As an important window into human health, nails not only serve the aesthetic function of enhancing appearance, but also possess crucial physiological value in protection, tactile feedback, and aiding precision movements. When nails undergo pathological changes, they may render certain daily activities difficult for patients, thereby adversely affecting their quality of life across multiple dimensions—including psychological distress, impaired social functioning, and increased family care burdens. In terms of disease diagnosis, nail abnormalities can serve as early indicators of systemic diseases. Even subtle changes in nail plate morphology, color, or structure can provide important clues for clinical diagnosis. Therefore, nail examination should be an indispensable part of a comprehensive physical examination. However, in clinical practice, this important sign is often overlooked.

Several inflammatory skin diseases can be accompanied by nail changes, such as psoriasis, lichen planus, alopecia areata, and atopic dermatitis (AD). Among these, nail psoriasis has been extensively studied due to its high incidence rate, and a well-established assessment system has been developed. However, as a highly prevalent disease, academic attention to nail changes in AD has lagged behind research on skin lesions and comorbidities. Recent studies indicated that approximately 11% of AD patients exhibited nail manifestations, which might manifest as pitting, melanonychia, chronic paronychia, and hangnail (1). Precise identification of these signs is crucial for disease assessment. The current treatment landscape for AD-related nail disorders presents significant challenges. Traditional therapies have limitations including being slow-acting, ineffective, and difficult to maintain. Particularly in the pediatric population, there is a significant lack of treatment options. As research into the underlying mechanisms of AD deepens, emerging therapies such as biologics and small molecule drugs are offering new prospects for treating nail disorders in AD (2–4). While there have been a few case reports of dupilumab effectively treating nail dystrophy in adult AD patients, there is a lack of data on its efficacy and safety in children.

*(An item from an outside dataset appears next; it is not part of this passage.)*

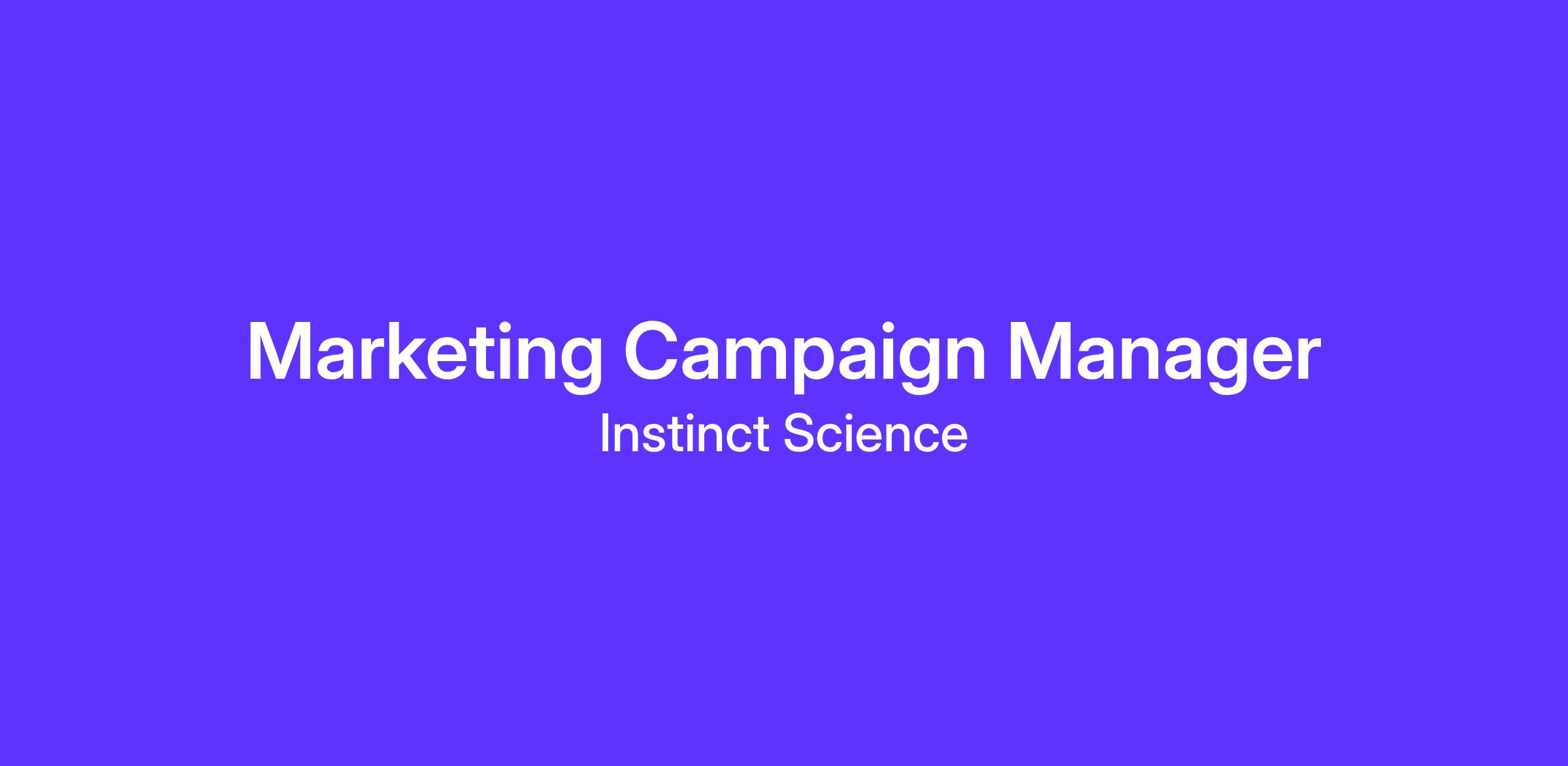 Instinct Science is looking for an experienced and motivated Marketing Campaign Manager to be responsible for the development, launch, and optimization of marketing programs to drive demand for Instinct software products. These programs are built across the entire buyer’s journey and are a comprehensive set of tactics including, but not limited to email campaigns, digital advertising, paid social, events, publications, associations, and partner marketing. The Campaign Manager will work with internal and external cross-functional teams to build campaign assets, execute programs, measure, and report on campaign effectiveness, and optimization for peak performance.

Here, we for the first time present a retrospective analysis of 5 cases of children under 12 years old with AD and nail dystrophy who experienced satisfactory improvement in both skin lesions and nail symptoms after using dupilumab. Our aim is to describe the manifestations of nail dystrophy in pediatric AD patients and this innovative treatment strategy to provide guidance and reference for clinical practice.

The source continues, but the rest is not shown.